Dans la vie il faut éviter de juger les gens. Bazié allait apprendre

 cette maxime à ses dépends. C’était une de ces belles journées du

 mois de mars où le vent chaud du nord cours se rafraîchir dans la 

lagune Abidjanaise. Le temps chaud et froid donnait une humeur de

 chien à tout le monde. Pour un petit bobo on s’insultait et les plus

 bagarreurs en venaient aux mains. Bazié pour échapper à cette 

chaleur avait donc décidé d’aller se réfugier sous l’énorme 

manguier qui trônait sur la place principale du village. Ah ! Quelle

 fraîcheur ! Dire que Bazié s’était engouffré dans sa case alors qu’il

 y avait cet endroit paradisiaque.  Mais avec Bazié rien n’est jamais

 parfait.  Sous l’arbre, il y avait également deux jeunes filles

 couchées, elles ne dormaient pas et prenaient  du beau temps.

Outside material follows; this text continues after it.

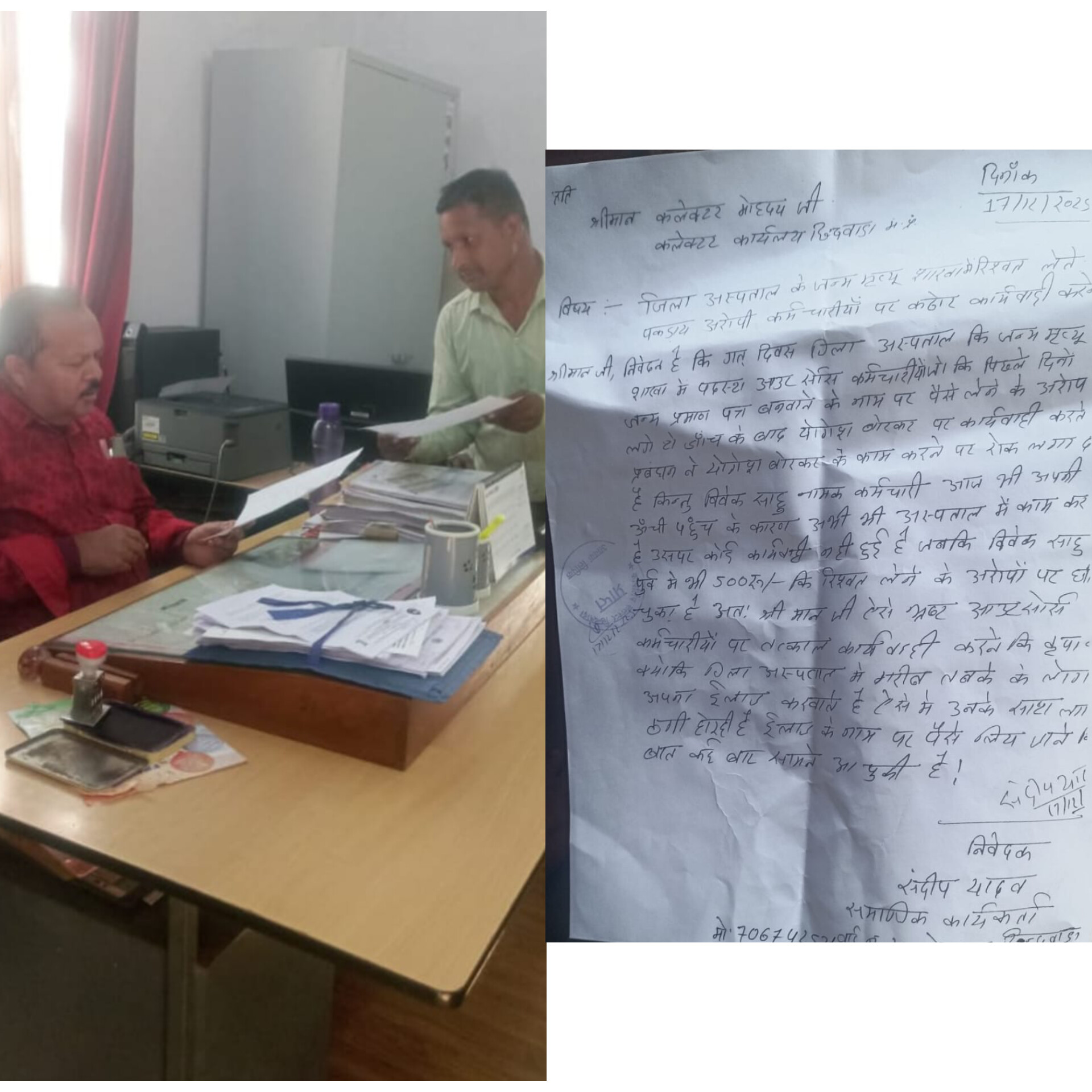 छिंदवाड़ा ताज़ा मामला: जिला अस्पताल की जन्म–मृत्यु शाखा में रिश्वत का आरोप, कलेक्टर कार्यालय पहुंची शिकायत

 Près d’elle un beau chien blanc avec des oreilles noires s’était étalé

 sur la natte de tout son long. Tout se passait bien pour le meilleur 

 du monde. Vers le soir, la mère des jeunes filles  ordonna aux deux

 jeunes filles de mettre un terme à leurs repos pour commencer le

 ménage avant la cuisine du soir. Elles se levèrent et  voulurent

 prendre la natte. Le chien n’entendait pas se lever et il montrait son

 mécontentement en grognant. Les filles prirent peur et décidèrent

 d’abandonner la natte. Mais Bazié le super héros ne voulu pas

 qu’un chien puissent avoir autorité sur une natte en sa présence.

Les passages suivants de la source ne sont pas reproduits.